- Assignment -
From the line with "約16cm ※着用後は毎回柔らかい布やティッシュ等で汚れをやさしく拭き取ってください 87A21" to the line with "3.打开您需要将软件存放的磁盘(如:D盘)鼠标右击空白处选择【粘贴】。", retype each line exactly as it stands in the records below, but skip the pictures.

- Given entries -
══════════════════════════════

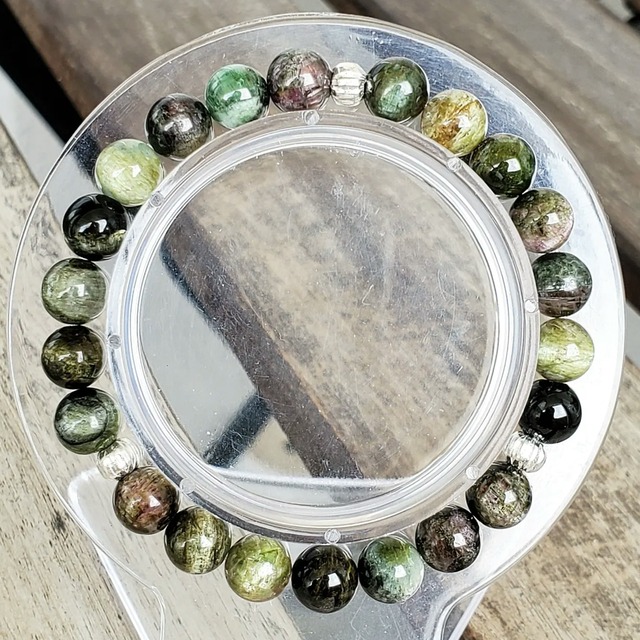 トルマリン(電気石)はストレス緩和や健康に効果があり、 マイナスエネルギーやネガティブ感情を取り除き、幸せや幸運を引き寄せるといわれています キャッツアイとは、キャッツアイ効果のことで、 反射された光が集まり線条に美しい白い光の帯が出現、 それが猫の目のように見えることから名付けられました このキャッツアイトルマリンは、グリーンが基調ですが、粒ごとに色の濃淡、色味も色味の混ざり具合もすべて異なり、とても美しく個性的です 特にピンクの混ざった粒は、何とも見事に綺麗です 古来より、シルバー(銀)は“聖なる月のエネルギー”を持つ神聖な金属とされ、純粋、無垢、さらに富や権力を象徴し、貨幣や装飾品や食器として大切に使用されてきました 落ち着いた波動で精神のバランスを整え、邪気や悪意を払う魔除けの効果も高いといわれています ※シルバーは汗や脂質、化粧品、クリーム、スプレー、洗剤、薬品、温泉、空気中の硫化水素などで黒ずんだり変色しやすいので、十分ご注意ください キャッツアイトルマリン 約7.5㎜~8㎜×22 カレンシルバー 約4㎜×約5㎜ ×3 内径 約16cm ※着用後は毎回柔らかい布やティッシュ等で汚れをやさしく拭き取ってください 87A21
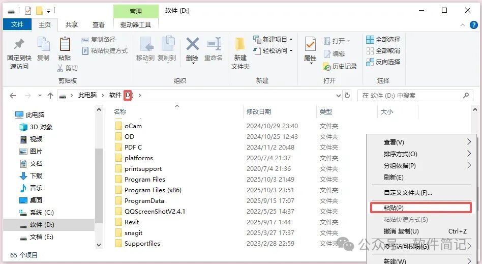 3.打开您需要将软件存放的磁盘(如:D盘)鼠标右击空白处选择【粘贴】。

══════════════════════════════

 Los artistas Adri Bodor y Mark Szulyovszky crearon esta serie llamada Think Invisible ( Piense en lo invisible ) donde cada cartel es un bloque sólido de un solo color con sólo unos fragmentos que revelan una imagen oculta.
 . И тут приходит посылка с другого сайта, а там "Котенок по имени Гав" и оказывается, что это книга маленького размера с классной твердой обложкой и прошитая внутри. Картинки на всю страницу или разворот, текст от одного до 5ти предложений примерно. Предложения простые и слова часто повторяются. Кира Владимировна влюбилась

══════════════════════════════

- Exercise output -
 トルマリン(電気石)はストレス緩和や健康に効果があり、 マイナスエネルギーやネガティブ感情を取り除き、幸せや幸運を引き寄せるといわれています キャッツアイとは、キャッツアイ効果のことで、 反射された光が集まり線条に美しい白い光の帯が出現、 それが猫の目のように見えることから名付けられました このキャッツアイトルマリンは、グリーンが基調ですが、粒ごとに色の濃淡、色味も色味の混ざり具合もすべて異なり、とても美しく個性的です 特にピンクの混ざった粒は、何とも見事に綺麗です 古来より、シルバー(銀)は“聖なる月のエネルギー”を持つ神聖な金属とされ、純粋、無垢、さらに富や権力を象徴し、貨幣や装飾品や食器として大切に使用されてきました 落ち着いた波動で精神のバランスを整え、邪気や悪意を払う魔除けの効果も高いといわれています ※シルバーは汗や脂質、化粧品、クリーム、スプレー、洗剤、薬品、温泉、空気中の硫化水素などで黒ずんだり変色しやすいので、十分ご注意ください キャッツアイトルマリン 約7.5㎜~8㎜×22 カレンシルバー 約4㎜×約5㎜ ×3 内径 約16cm ※着用後は毎回柔らかい布やティッシュ等で汚れをやさしく拭き取ってください 87A21
 3.打开您需要将软件存放的磁盘(如:D盘)鼠标右击空白处选择【粘贴】。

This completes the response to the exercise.